Although Cancer Research UK is one of the best-funded medical research charities in Europe, it also has turned to crowdfunding, with the additional aim of linking its donors and its scientists more closely together.  The strapline of its My Projects website is ‘Choose the cancer you want to beat’. This provides links to about 30 different CRUK projects – a small fraction of the charity’s total research portfolio – for potential donors to choose between. Despite that strapline, not all the chosen projects focus on a particular type of cancer. Donors are provided with information about their chosen projects that can be used for promotion in social media, and some choose to become much more closely involved. ‘A few of our researchers have developed very close links with individual donors, even inviting them to visit their labs,’ says Foulkes. ‘For this to happen, researchers need to be at ease with the media and able to describe their research in simple terms for non-experts.’

Opening up

Matthew Todd

It is rare for researchers, even in academia, to open their research up to the wider world to seek both criticism and collaboration. But Matthew Todd, a lecturer in organic chemistry at the University of Sydney, Australia, is one of the few who adopts this approach. He calls this open or citizen science, rather than crowdsourcing as it is strictly defined, although there is a clear overlap between the two. His entire group’s work, including the raw data in their lab notebooks, is posted on the web. Not only may anyone comment on this work while it is still ongoing, but anyone may contribute to the research, for example by synthesising molecules for testing. 
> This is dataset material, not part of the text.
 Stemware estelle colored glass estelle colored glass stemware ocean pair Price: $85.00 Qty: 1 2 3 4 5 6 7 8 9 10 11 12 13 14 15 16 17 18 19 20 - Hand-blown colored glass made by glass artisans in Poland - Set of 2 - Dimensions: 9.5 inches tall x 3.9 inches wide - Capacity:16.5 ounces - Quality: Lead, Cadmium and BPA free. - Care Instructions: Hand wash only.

Todd’s research, much of which is funded through standard Australian government grants, focuses on drug discovery for tropical diseases including malaria, so altruism is a clear motivation for participants. ‘I have been surprised to find that the majority of those making substantial contributions to these citizen science projects have been chemists from industry,’ says Todd. He protects his research through Creative Commons licensing rather than patents and dreams that this might become a norm in drug discovery, particularly for neglected diseases. There is certainly a historical precedent for this. ‘Both penicillin and the polio vaccine were discovered and developed without any IP protection,’ he says.
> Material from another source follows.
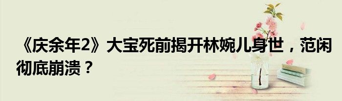 《庆余年2》大宝死前揭开林婉儿身世,范闲彻底崩溃?
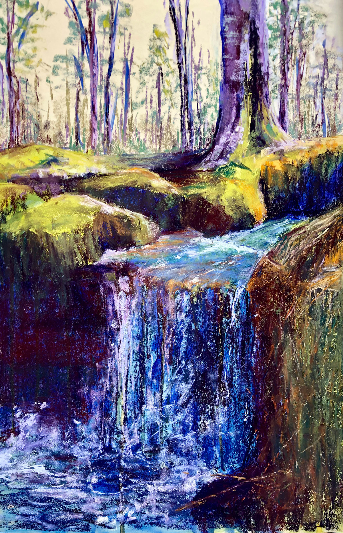 Original painting of a stream during spring runoff. Pastel on sanded archival paper. 15X22 unframed. 17X24 framed.

Take any comprehensive survey of crowdsourcing or crowdfunding – such as those produced by Crowdsourcing.org – and you will find fewer projects listed in chemistry than in many other disciplines. If crowdsourcing projects seek to ‘make communities of active stakeholders in research that affects them’, as Esposti suggests, it may be that chemistry projects are less immediately appealing to outsiders than those concerned with, for example, medicine, the environment or astronomy. ‘Chemistry projects, too, have huge potential, but chemists need to explain their projects and the value of contributions in terms that everyone can understand,’ he adds. 

Todd, however, disagrees. Open data is a pre-requisite for open science, and too much chemical data is still locked behind paywalls in password-protected databases. ‘The agreement to keep human genome data free to all users has had incalculable benefits,’ he says. ‘Chemistry has not yet had its “human genome moment”, to set its data free for the whole community.’
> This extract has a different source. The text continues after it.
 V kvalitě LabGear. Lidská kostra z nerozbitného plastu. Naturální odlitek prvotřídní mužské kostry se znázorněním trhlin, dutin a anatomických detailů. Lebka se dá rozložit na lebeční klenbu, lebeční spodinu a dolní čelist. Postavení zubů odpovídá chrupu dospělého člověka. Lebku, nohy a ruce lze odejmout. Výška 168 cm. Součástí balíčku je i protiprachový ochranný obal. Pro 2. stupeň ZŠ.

Although chemists can be reluctant to open their lab notebooks to the world to take full advantage of the wisdom it has to offer, they seem to be more inclined to help those who are doing so. And with funding for research harder to secure, it would be less surprising if they embraced the challenges – and potential money – that crowdsourcing and crowdfunding has to offer.

Clare Sansom is a science writer based in Cambridge and London, UK.